Overall, the video is decidedly intersectional, not exclusively fixated on race, gender, or sexuality but rather concerned with tearing down the boundaries between them. Along with its diverse cast, it features an array of feminist messages, including "virginity is a social construct" and "my body my choice" flashing between clips, alongside "images of breastfeeding, C-sections, menstruation pads—everything [about the female body] that's supposed to carry some taboo, but we should be beyond that," in the words of the video's director, Alexandre Moors.

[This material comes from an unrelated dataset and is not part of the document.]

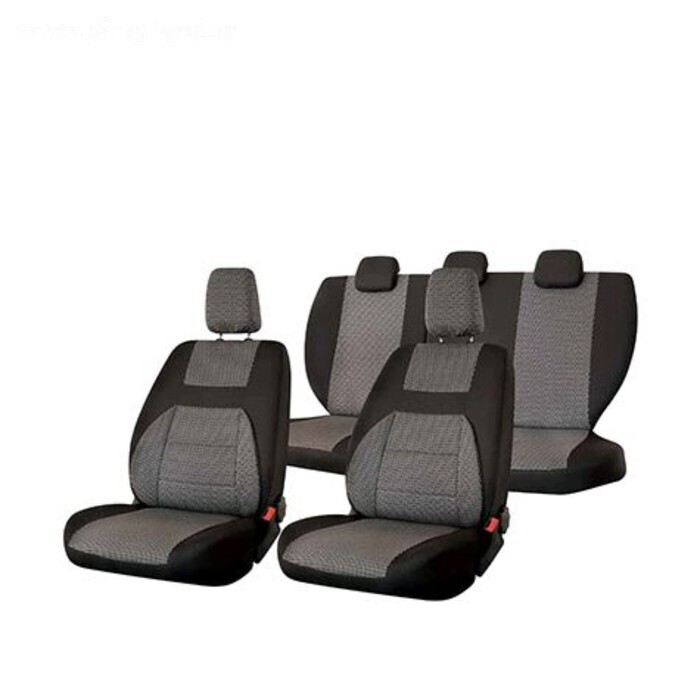 Чехлы сиденья Nissan Almera седан с 2012 г слитная спинка, жаккард 11 предм. SKYWAY, черный, тёмно-серый Nis3-2

This imagery and the video's overall concept were modeled after the punk aesthetics of pioneering feminist groups like Riot Grrrl and Guerrilla Girls.
Image via YouTube
"The video is about the woman's body—the right to own your own body and make it free from the male gaze, in any way shape and form," said Moors in an interview with the New York Times. "It's a broad message, and we're not trying to be dogmatic. But we're living in difficult times in America, and what I get from this video is that it injects a lot of energy and determination and the right fuel for the struggle."
Still, in an era where social justice equals profit, it's likely that we'll be seeing more and more pop stars (or rather, their marketing teams) cashing in on diversity and social awareness. Sometimes, that will lead to painfully manufactured flops like Taylor Swift's ill-advised "You Need to Calm Down," which used a demographic Swift was not a part of as an accessory, so that she could place herself at the helm of a phony brand of allyship.
On the other hand, Cyrus—who is actually bisexual and who has a long history of supporting LGBTQ+ causes—comes off as a bit more genuine in this video than Swift did, as she's not trying to speak out for groups that she doesn't belong to. She also puts her own body on the line, drawing "mixed reactions" for its "intense imagery," according to Fox, and seemingly promising that her commitment to radical feminism is not just an act.
However, what really needs to happen in this era of social-justice-as-branding is the elevation of voices who actually belong to marginalized demographics. After all, Miley Cyrus has done performed her fair share of cultural appropriation, picking up and dropping identities at will; perhaps she's found her niche in intersectional feminism, but time will tell.
In the end, it's great when stars support intersectionality and representation, but that doesn't make up for actually recognizing artists who don't belong to dominant identities (or who aren't backed up by massive corporate record deals).
On the other hand, in a nation that seems closer to Handmaid's Tale-levels of dystopia each day, any protest is better than nothing, right?